Magnetic resonance imaging (MRI) includes the use of a nuclear magnetic resonance spectrometer to produce electronic images of atoms and molecular structures in solids, including human cells, tissues, and organs. Computer-aided tomography (CT) includes the generation of a three-dimensional image of the internals of a subject or object from a plurality of two-dimensional X-ray images taken around a single axis of rotation. Single photon emission computed tomography (SPECT) includes a tomographic imaging technique using gamma rays and produces a set of image slices through a subject, showing the distribution of a radiopharmaceutical or radioactive particle. Positron emission tomography (PET) includes producing a three dimensional image or map of functional processes in the body. X-ray tomography produces a series of projection images used to calculate a three-dimensional reconstruction of an object. Fluoroscopy includes producing real-time images of the internal structures of a subject through the use of a fluoroscope. A fluoroscope produces fluorescent images of a patient on a fluorescent screen by imaging the subject using X-rays.
The apparatus 500 is not limited to use in connection with a particular type of subject. Organic and inorganic materials can be imaged by the apparatus 500. Exemplary subjects also include living tissue, including live animals, and dead tissue, including preserved tissue and non-preserved tissue. The enriched paramagnetic isotope is not limited to a particular paramagnetic isotope. In some embodiments, the enriched paramagnetic isotope includes a material capable of neutron activation having a first neutron absorption cross-section, and a paramagnetic isotope having a second neutron absorption cross-section within a factor of about 1000 of the first neutron absorption cross-section and which requires more than one neutron capture to create a radioactive impurity.

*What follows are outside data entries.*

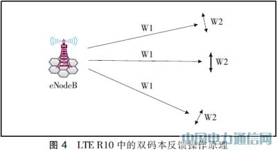 圖4示出的是LTE R10中的雙碼本反饋操作原理。預編碼器由W1和W2 2個部分構成:W1針對長期/寬帶信道特性,W2提供了深度完善方案以及關于信道的短期/窄帶性能的信息。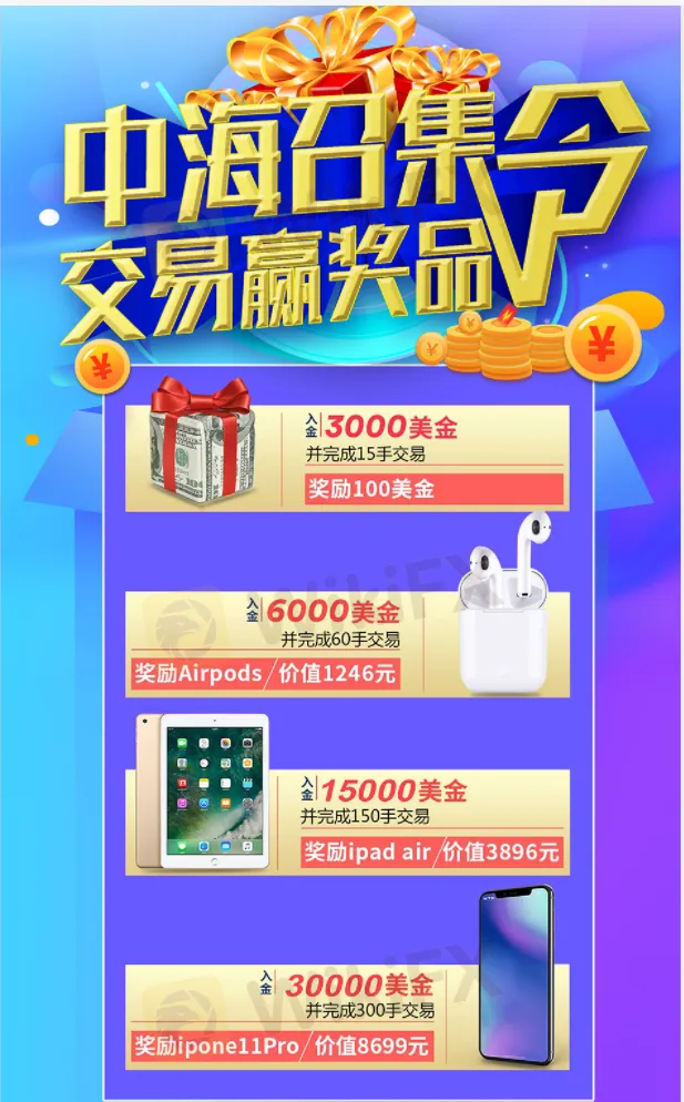 摘要:中海寰球交易有赠金,达到标准并有奖品活动,正式开启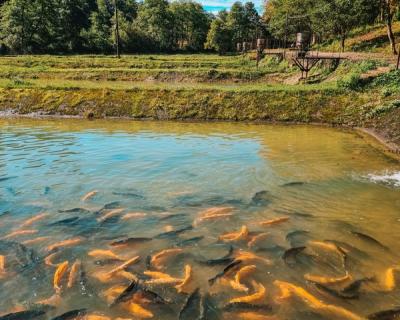 - Посещение форелевого хозяйства — 250 ₽ с чел. Если решите поймать рыбу сачком, то доплата — 1500 ₽/кг за приготовление.

b) is a block diagram of an apparatus 506 including the imaging system 502 to image the subject 503, and a microparticle 507 suitable for infusion into the subject 503 for imaging by the imaging system 502 and including the enriched paramagnetic isotope 505 that is enriched to reduce generation of radioactive impurities while maintaining or improving imaging sensitivity. The imaging system 502 is not limited to a particular type of imaging system. Exemplary imaging systems and methods suitable for use in connection with the apparatus 506 include magnetic resonance imaging (MRI), computer-aided tomography (CT), single photon emission computed tomography (SPECT), positron emission tomography (PET), and fluoroscopy. The microparticle 507 is not radioactive.